Your answer should consist of each line below that contains the string "outdoor".

------------------------------------------------

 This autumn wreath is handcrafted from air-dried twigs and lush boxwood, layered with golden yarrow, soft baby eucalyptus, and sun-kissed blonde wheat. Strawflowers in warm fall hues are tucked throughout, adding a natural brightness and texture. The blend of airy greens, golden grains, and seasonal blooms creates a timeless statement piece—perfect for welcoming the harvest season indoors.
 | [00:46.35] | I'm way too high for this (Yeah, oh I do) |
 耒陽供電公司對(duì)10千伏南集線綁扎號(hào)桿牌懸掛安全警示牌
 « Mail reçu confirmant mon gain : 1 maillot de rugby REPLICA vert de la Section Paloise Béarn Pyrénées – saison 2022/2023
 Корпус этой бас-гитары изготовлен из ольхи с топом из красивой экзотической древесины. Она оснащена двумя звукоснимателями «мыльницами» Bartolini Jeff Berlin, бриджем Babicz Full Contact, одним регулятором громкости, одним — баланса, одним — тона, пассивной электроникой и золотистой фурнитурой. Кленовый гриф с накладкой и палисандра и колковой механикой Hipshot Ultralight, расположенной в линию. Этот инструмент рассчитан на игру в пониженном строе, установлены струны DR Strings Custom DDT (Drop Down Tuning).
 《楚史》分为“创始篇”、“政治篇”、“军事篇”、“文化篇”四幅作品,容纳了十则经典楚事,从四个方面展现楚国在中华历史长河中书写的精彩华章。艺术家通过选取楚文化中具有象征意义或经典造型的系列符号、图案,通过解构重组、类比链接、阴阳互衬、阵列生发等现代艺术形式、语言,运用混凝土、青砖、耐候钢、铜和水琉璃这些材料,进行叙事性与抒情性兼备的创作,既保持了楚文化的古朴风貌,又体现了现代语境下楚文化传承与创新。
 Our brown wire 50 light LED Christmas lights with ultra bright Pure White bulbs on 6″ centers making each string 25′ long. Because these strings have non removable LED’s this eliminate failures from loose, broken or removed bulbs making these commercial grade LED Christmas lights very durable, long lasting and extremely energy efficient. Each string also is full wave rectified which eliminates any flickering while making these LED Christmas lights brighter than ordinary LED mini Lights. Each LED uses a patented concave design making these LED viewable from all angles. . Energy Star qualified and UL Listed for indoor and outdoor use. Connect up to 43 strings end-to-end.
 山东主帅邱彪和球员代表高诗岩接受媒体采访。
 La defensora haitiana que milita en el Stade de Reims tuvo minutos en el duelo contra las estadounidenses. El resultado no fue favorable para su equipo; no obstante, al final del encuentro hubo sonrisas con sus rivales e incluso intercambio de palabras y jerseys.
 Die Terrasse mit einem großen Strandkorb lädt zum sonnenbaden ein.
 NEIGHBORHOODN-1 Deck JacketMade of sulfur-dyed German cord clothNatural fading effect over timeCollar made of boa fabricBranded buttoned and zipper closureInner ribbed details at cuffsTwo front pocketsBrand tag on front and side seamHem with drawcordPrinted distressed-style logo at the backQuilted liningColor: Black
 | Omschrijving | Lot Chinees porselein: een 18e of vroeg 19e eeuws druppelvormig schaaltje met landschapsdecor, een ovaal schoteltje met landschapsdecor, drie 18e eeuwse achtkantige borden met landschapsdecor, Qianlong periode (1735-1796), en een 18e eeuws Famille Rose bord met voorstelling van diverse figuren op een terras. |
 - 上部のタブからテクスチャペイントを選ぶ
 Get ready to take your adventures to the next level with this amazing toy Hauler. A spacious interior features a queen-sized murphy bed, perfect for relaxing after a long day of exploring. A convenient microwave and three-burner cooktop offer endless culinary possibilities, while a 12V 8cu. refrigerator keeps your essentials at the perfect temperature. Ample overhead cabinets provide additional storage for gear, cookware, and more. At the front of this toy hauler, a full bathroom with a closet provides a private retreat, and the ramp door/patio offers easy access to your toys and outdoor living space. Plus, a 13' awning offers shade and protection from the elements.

------------------------------------------------

Response to this exercise:
 Our brown wire 50 light LED Christmas lights with ultra bright Pure White bulbs on 6″ centers making each string 25′ long. Because these strings have non removable LED’s this eliminate failures from loose, broken or removed bulbs making these commercial grade LED Christmas lights very durable, long lasting and extremely energy efficient. Each string also is full wave rectified which eliminates any flickering while making these LED Christmas lights brighter than ordinary LED mini Lights. Each LED uses a patented concave design making these LED viewable from all angles. . Energy Star qualified and UL Listed for indoor and outdoor use. Connect up to 43 strings end-to-end.
 Get ready to take your adventures to the next level with this amazing toy Hauler. A spacious interior features a queen-sized murphy bed, perfect for relaxing after a long day of exploring. A convenient microwave and three-burner cooktop offer endless culinary possibilities, while a 12V 8cu. refrigerator keeps your essentials at the perfect temperature. Ample overhead cabinets provide additional storage for gear, cookware, and more. At the front of this toy hauler, a full bathroom with a closet provides a private retreat, and the ramp door/patio offers easy access to your toys and outdoor living space. Plus, a 13' awning offers shade and protection from the elements.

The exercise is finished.